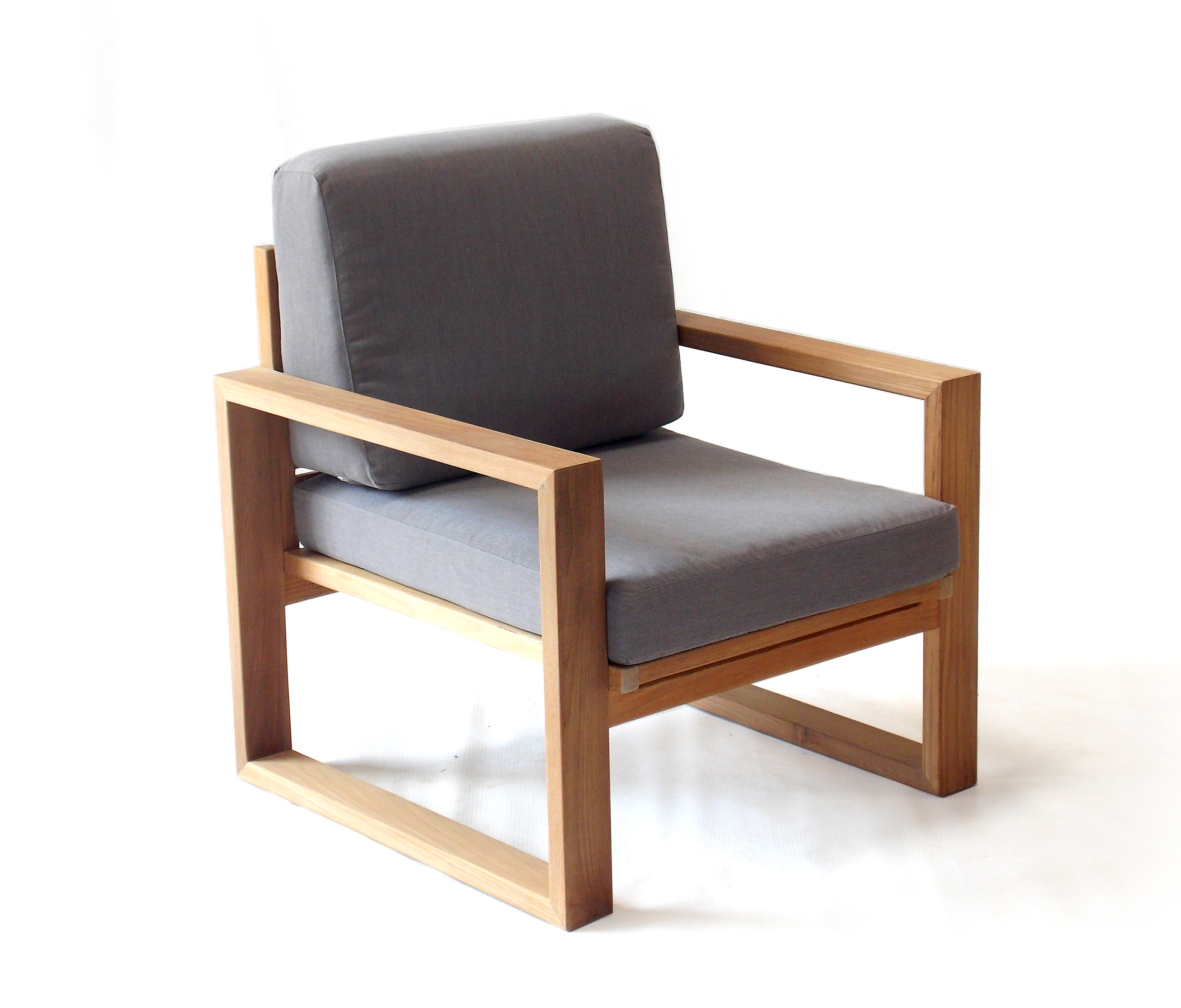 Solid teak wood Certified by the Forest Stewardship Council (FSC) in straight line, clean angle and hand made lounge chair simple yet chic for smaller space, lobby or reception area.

===============

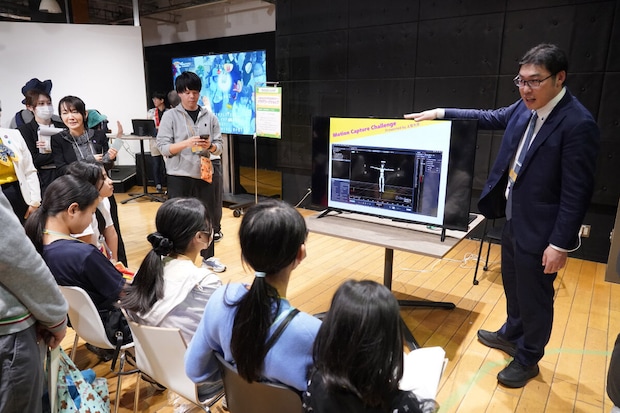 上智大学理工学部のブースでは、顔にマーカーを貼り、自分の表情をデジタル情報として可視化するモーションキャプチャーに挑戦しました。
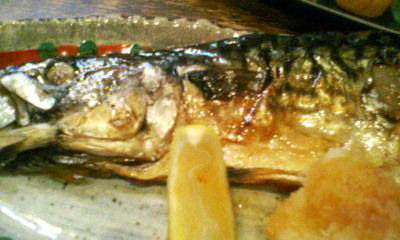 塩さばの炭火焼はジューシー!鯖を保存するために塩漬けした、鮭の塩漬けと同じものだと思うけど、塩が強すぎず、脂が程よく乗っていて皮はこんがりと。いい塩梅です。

===============

§ **EXERCISE**:
A word-for-word reproduction is needed of the lines above from the line containing "上智大学理工学部のブースでは" through the line containing "塩さばの炭火焼はジューシー!", with both ends kept and no pictures.

§ **ANSWER SECTION**:
 上智大学理工学部のブースでは、顔にマーカーを貼り、自分の表情をデジタル情報として可視化するモーションキャプチャーに挑戦しました。
 塩さばの炭火焼はジューシー!鯖を保存するために塩漬けした、鮭の塩漬けと同じものだと思うけど、塩が強すぎず、脂が程よく乗っていて皮はこんがりと。いい塩梅です。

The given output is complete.